The orchestrated /security audit flow does not run this hook (it's a runtime defence, not a scan-time check). This walkthrough exercises the runtime contract directly.

Why pre-compact poisoning matters

Compaction collapses long conversations into a summary that the model treats as authoritative context for the rest of the session. If a malicious tool result earlier in the conversation managed to sneak past post-mcp-verify (e.g., via a pattern not yet in the regex set), compaction can preserve a condensed form of the poison where the model can no longer see the surrounding "this came from a sketchy source" context. Worse, condensed summaries are smaller and so more likely to fit inside the attacker's preferred attention window.

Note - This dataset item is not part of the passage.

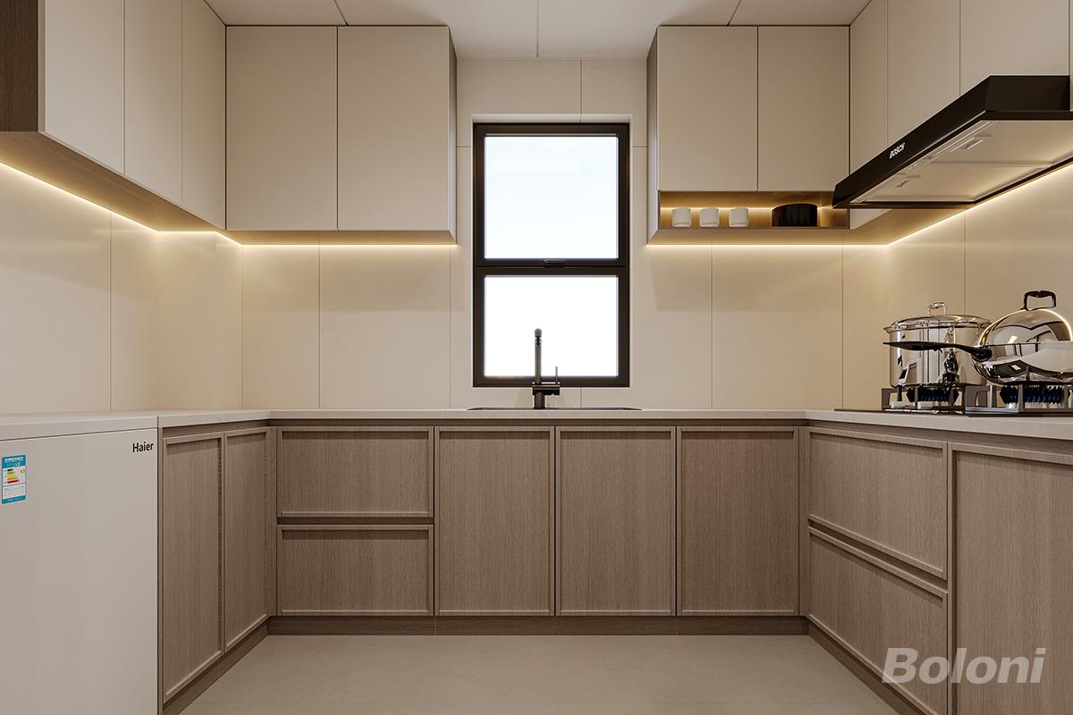 这是一套意式极简 L 型厨房,奶白与浅木色撞色橱柜,无拉手设计干净利落,贯彻了意式克制美学。台下线性氛围灯补足操作区照明,细节实用又有质感。通顶橱柜预留充足收纳空间,右侧开放格方便随手取用餐具,大窗引入充足采光,让小厨房也通透明亮。整体动线流畅,功能齐全,打造出整洁高级、舒适高效的烹饪空间。
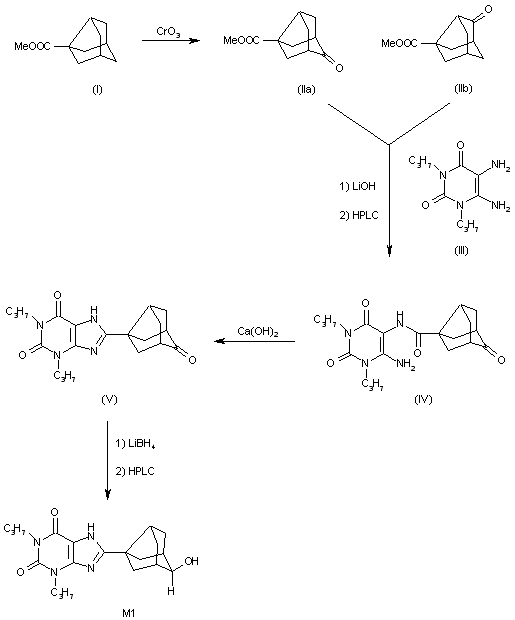 The oxidation of tricyclo[3.3.1.03,7]nonane-3-carboxylic acid methyl ester (I) with CrO3 in acetic anhydride/acetic acid gives a mixture of the 9-oxo and 6-oxo isomers (II), which is condensed with 5,6-diamino-1,3-dipropylpyrimidine-2,4(1H,3H)-dione (III) by means of LiOH, and after HPLC separation yields the 9-oxo isomer (IV) of the condensation product. The cyclization of (IV) by means of Ca(OH)2 affords the 1,3-dipropylxanthine derivative (V), which is finally reduced with LiBH4 to a mixture of isomers that is separated by HPLC yielding finally metabolite M1.

pre-compact-scan is a second chance to catch poison that slipped past the runtime gates — a defence-in-depth pattern that matches the joint-paper finding that no single-layer defence holds against adaptive attacks.

OWASP / framework mapping

Code	Framework	Why
LLM01	OWASP LLM Top 10 (2025)	Prompt injection persisting through compaction
LLM02	OWASP LLM Top 10 (2025)	Sensitive information disclosure — credentials in transcript
ASI01	OWASP Agentic Top 10	Memory poisoning via condensed form
AT-1	DeepMind Agent Traps	Hidden cognitive priors carried across context boundary
AT-3	DeepMind Agent Traps	Tool-output indirection that survives summarisation

Limitations

MAX_BYTES defaults to 512 000 bytes. Earlier-in-history poison that does not appear in the last 512 KB of the transcript is not scanned. The cap exists for the documented <500 ms latency target on large transcripts. Tune via LLM_SECURITY_PRECOMPACT_MAX_BYTES.
The credential regex set is small by design (compaction is performance-sensitive). The full secrets regex set lives in pre-edit-secrets.mjs, which fires on a different event.
The hook does not modify the transcript — it only blocks compaction or emits an advisory. Poison that has already shaped the conversation may still influence the model in the current window.